Отец с сыном ушли, и Чир вернулся к своим.
— Завтра к двенадцати в беседку. И чтобы никто не опаздывал. Понятно?!
— 4 —
Когда на следующий день Витька подошел к беседке, все были уже в сборе. Фома держал ему место, распялив локти и развернув колени. Витька плюхнулся рядом с приятелем, сунул, не глядя, вбок руку поздороваться и уставился вниз на пучок травы, вылезший между рассохшихся досок. Фому он ни о чем не стал расспрашивать: и так все было ясно. По пути он решил, что будет держаться со всеми ровно, как если бы ничего не случилось, но оказалось, что даже это ему не под силу, и единственное, что он мог — сидеть, уставясь под ноги, чтобы, не дай: бог, не сцепиться с кем-нибудь. А ребята все никак не могли разместиться, толкались по всей беседке, тесня счастливцев, успевших усесться, выпихивали друг друга наружу.

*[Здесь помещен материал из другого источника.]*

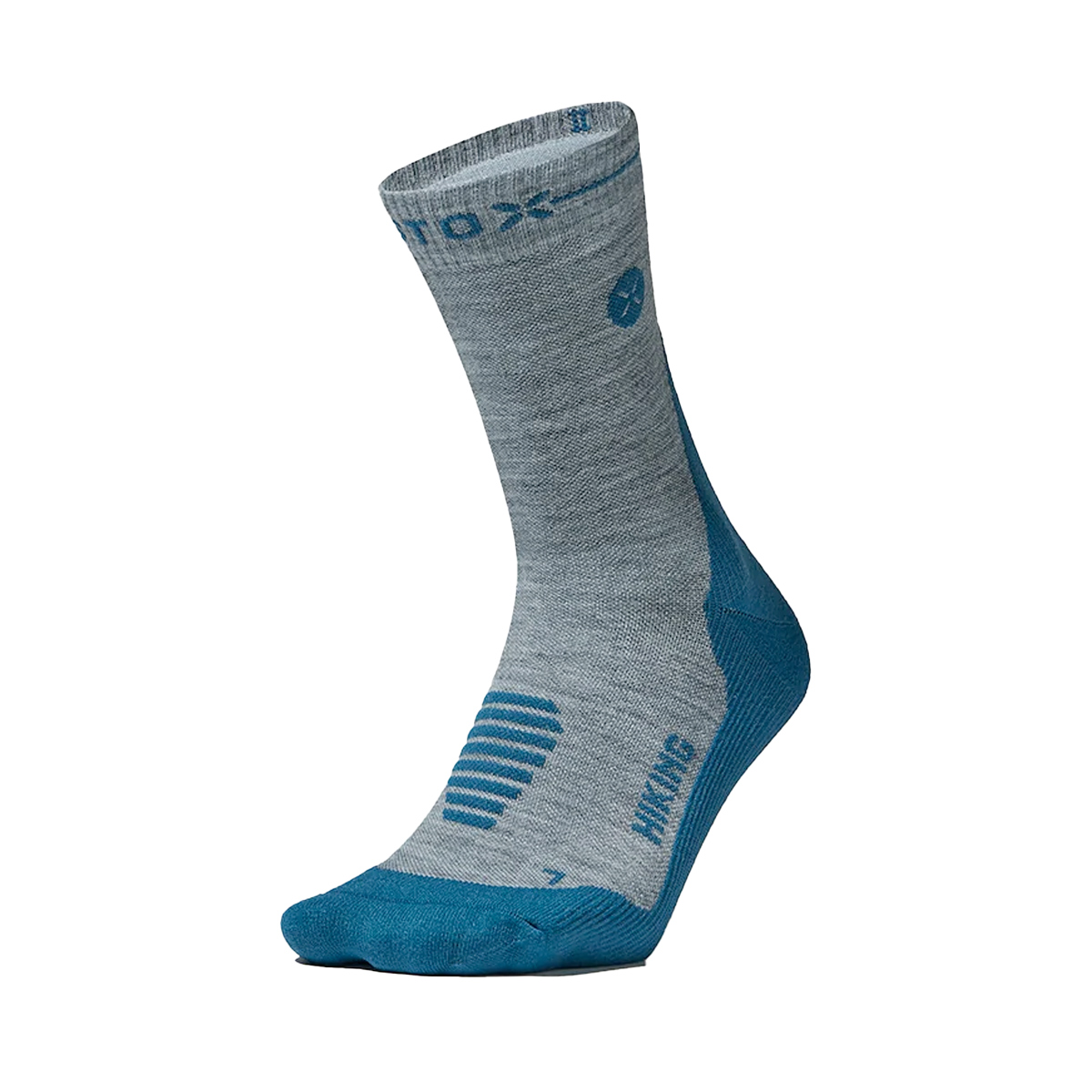 STOX Hiking enkel Outdoor Trail wandel sokken (Zilvergrijs/Blauw) voor heren zijn enkel compressiekousen met thermoregulerend Merino wol erin verwerkt. Ze hebben gerichte compressie om de enkelstabiliteit op ruig terrein te verbeteren.

— Все! — гаркнул Женька. — Начинаем!
Оставшиеся без мест сели на пол.
— У нас два дела. Форма и Арбуз. С чего начнем?
Начали с формы. Давно, когда только образовались команды, было решено, что обе выходят на поле в одинаковой форме — знак принадлежности к одному клубу. О цветах в свое время спорили долго, пока не сошлись на красных футболках и черных трусах. Кеды и трусы входили в школьный физкультурный костюм и были у всех, а с футболками и гетрами дело обстояло-много хуже. Гетры в конце концов были не столь важны. Футболки же нужны были позарез, а еще по крайней мере человек семь и знать не знали, как им достать форму. Разбирались подробно с каждым, и не два ума, а двадцать подсказывали наперебой, где и как, откуда. Никого не отпускали без точного ответа, а Женька записывал все сроки. Став капитаном, он сразу завел себе перекидной блокнотик, в который заносил все, что касалось организационных дел. Больше всех старался с советами Фома, и с ним же провозились дольше всего.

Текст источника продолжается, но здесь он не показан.